Sunac China Holdings, fourth largest mainland developers by sales, on Friday saw its US$600 million, two-year bond oversubscribed nearly four times. It was issued with a coupon rate of 8.375 per cent, 50 basis points lower than the initial guidance.
On Thursday, Road King Infrastructure, a Hong Kong-listed developer with annual sales revenue of 37.2 billion yuan (US$5.53 billion), saw its 2.25-year bonds over subscribed by more than 10 times on Thursday. The US$400 million of notes received US$4.1 billion in orders from mostly Asian asset managers and banks, while the final coupon came in at 7.75 per cent, 50 basis points lower than the initial guidance.
China SCE Property on Wednesday sold US$500 million of bonds due in 2021 with a coupon of 8.75 per cent, compared with the 9.125 per cent initial guidance, according to Bloomberg.
Powerlong Real Estate Holdings, another small Hong Kong-listed developer, received US$380 million in orders for its US$200 million two-year bond on Tuesday.

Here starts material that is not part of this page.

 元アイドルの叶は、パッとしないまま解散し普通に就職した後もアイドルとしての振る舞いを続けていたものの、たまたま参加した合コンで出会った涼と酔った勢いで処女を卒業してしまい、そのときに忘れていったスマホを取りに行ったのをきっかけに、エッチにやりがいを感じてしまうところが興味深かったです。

The outcome is a sharp contrast with the situation just two months ago, when Chinese property tycoon Hui Ka Yan had to pay investors a coupon of 13.75 per cent for his China Evergrande Group’s US dollar bonds, even as he himself bought half of the notes. At that time, the outlook for Chinese property had dipped as home sales fell for a third straight month, and there were few signs of an easing in property policy.

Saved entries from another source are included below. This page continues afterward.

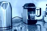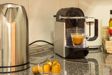 Glossy granite countertop with a pod coffee machine that brews an espresso next to a hard of water
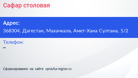 Сафар, столовая по адресу 368304, Дагестан, Махачкала, Амет-Хана Султана, 5/2 в дальнейшем Организация, размещена в следующих категориях:
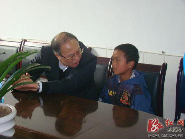 红网永顺站58(通讯员  向仍东  覃学军)57,永顺县委副书记、县长石治平轻车简从专程到石堤镇中学看望慰问贫困孤儿田吉孝,送上500元帮扶金。石治平到石堤镇中学后,为不影响学校正常教学秩序,不打扰教职工正常办公,不进班级,在学校会议室单独与田吉孝进行交流沟通,详细了解了小田的家庭情况、学习情况和生活情况,并鼓励他要克服困难,努力学习,将来做一个对社会有用、有益的人。随后,石治平还再三叮嘱该校负责人,学校要关注、关心田吉孝的学习和生活,让他在充满爱的大家庭中愉快学习,健康成长。
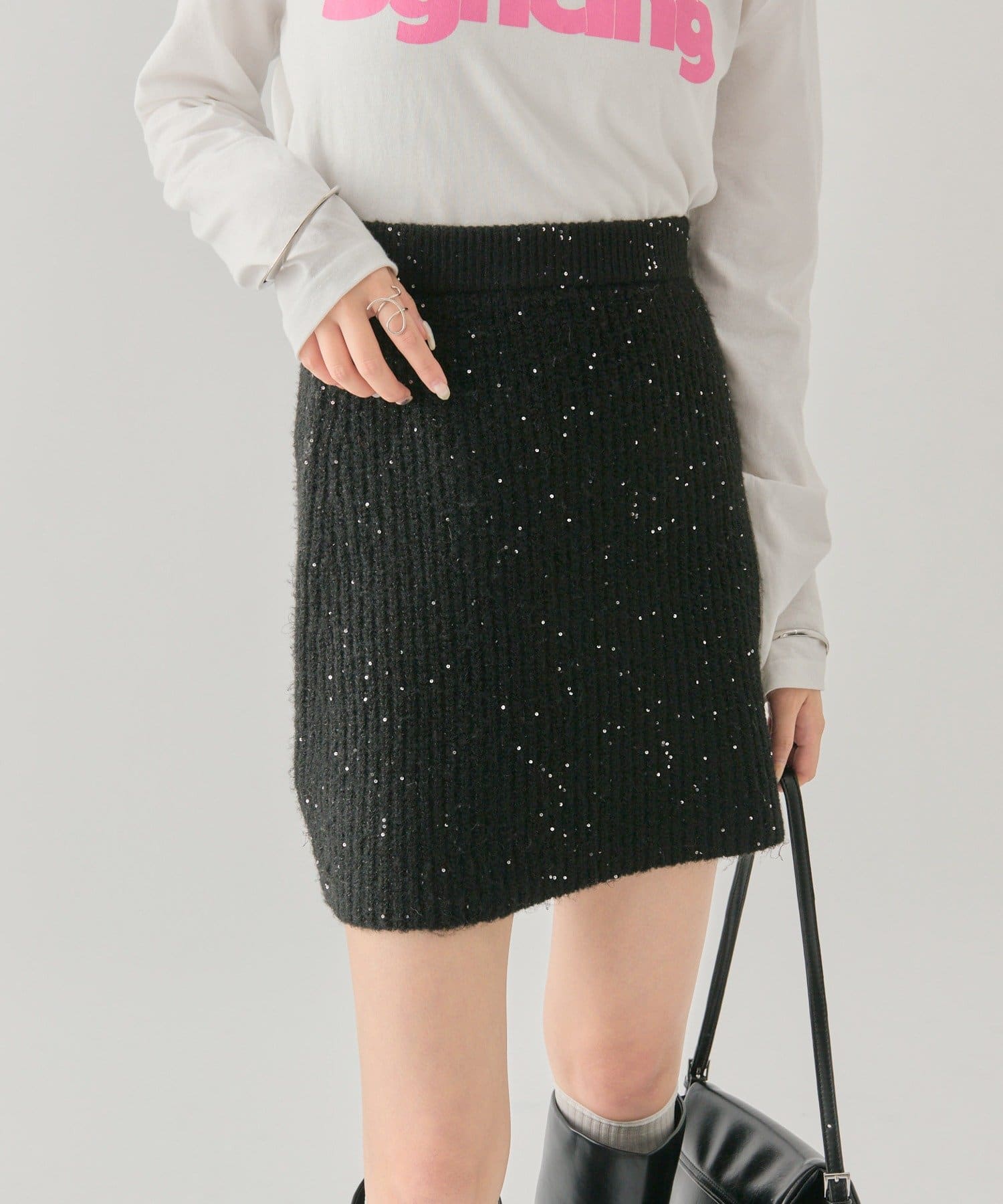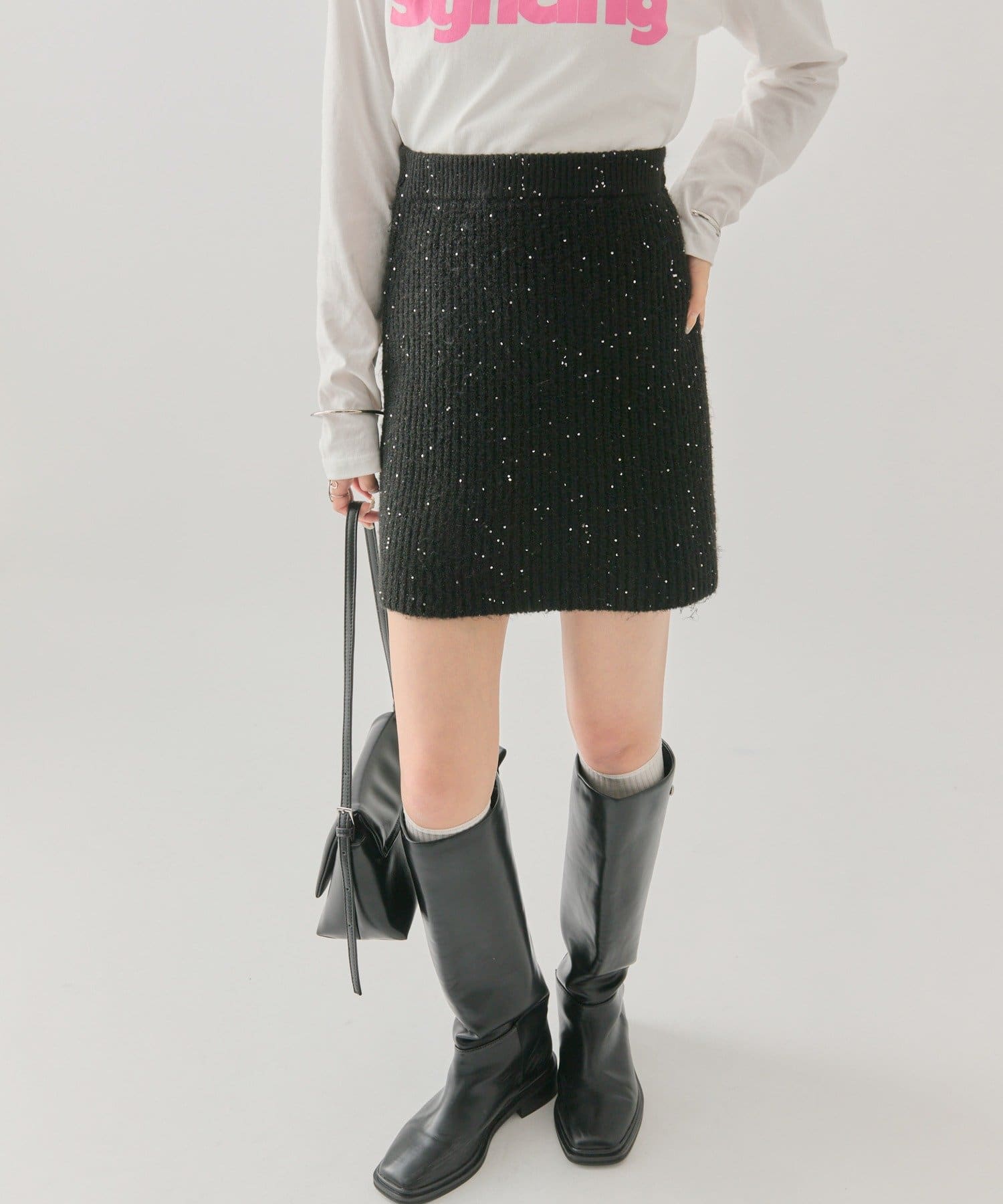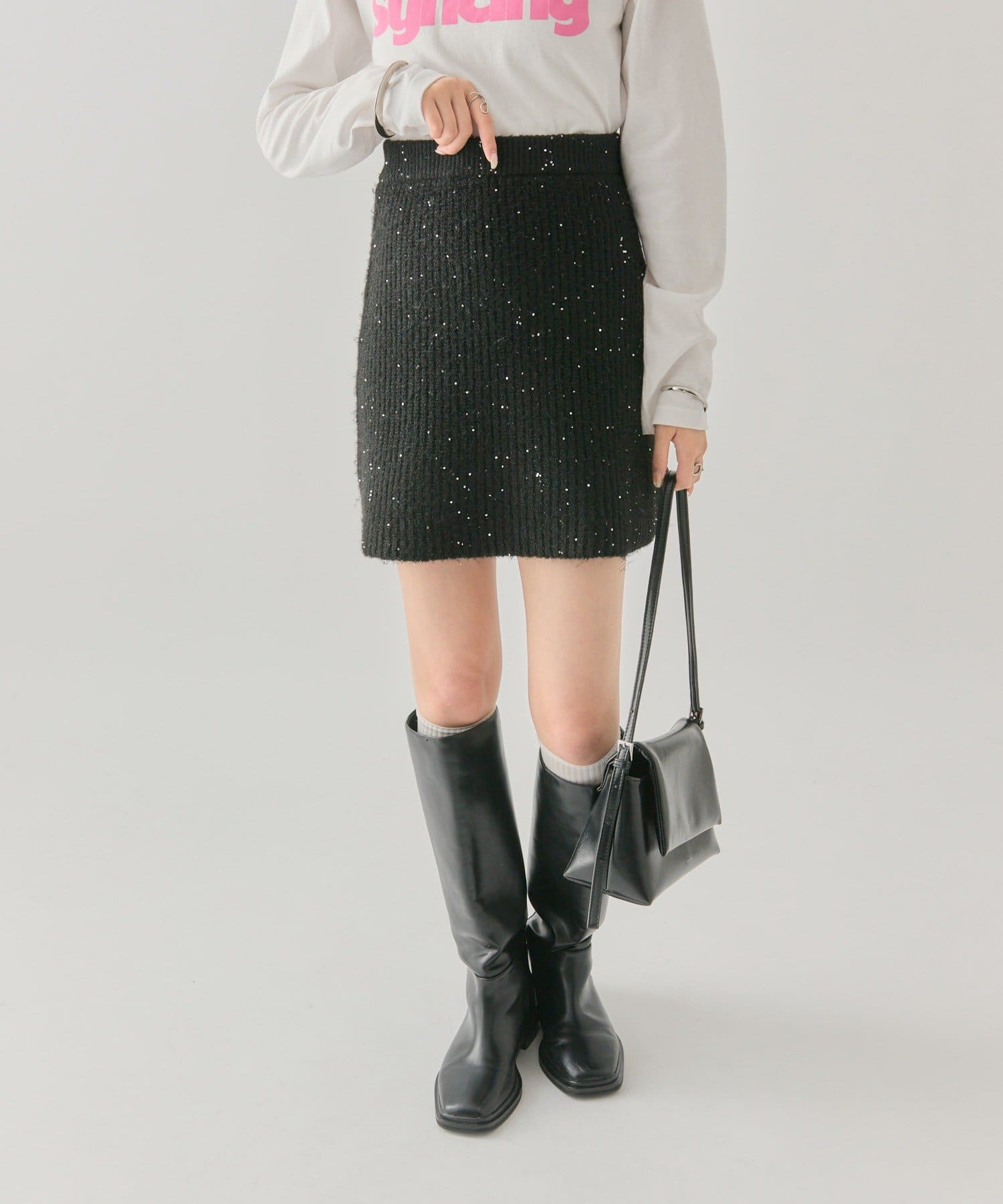 スパンコールが特別感を演出してくれるスカート!レイヤードスタイルも◎

Analysts said sentiment in the property sector had improved marginally, but the decisive factor in the success of the bond sales was bullish sentiment across all sectors.
“The flurry of new issuances since the new year does point to the fact that investor appetite has improved from the end of last year. Given the large number of maturities Chinese developers face this year, this would offer some reprieve to their refinancing needs if sustained,” said Christopher Yip, senior director and analytical manager at S&P Global Ratings.
The Hang Seng Index, Hong Kong’s benchmark, extended its rally to a fifth consecutive day on Thursday, closing 5.7 per cent higher than its level on January 4. The Bloomberg Barclays China High-yield Bond Index rose between January 7 and January 9.
Esther Liu, a credit analyst at S&P Global Ratings, said sentiment had also been boosted by the National Development and Reform Commission’s move to push back the deadline for Chinese firms to issue bonds within their 2018 quota to June 30 this year, potentially allowing more issuances for refinancing purposes.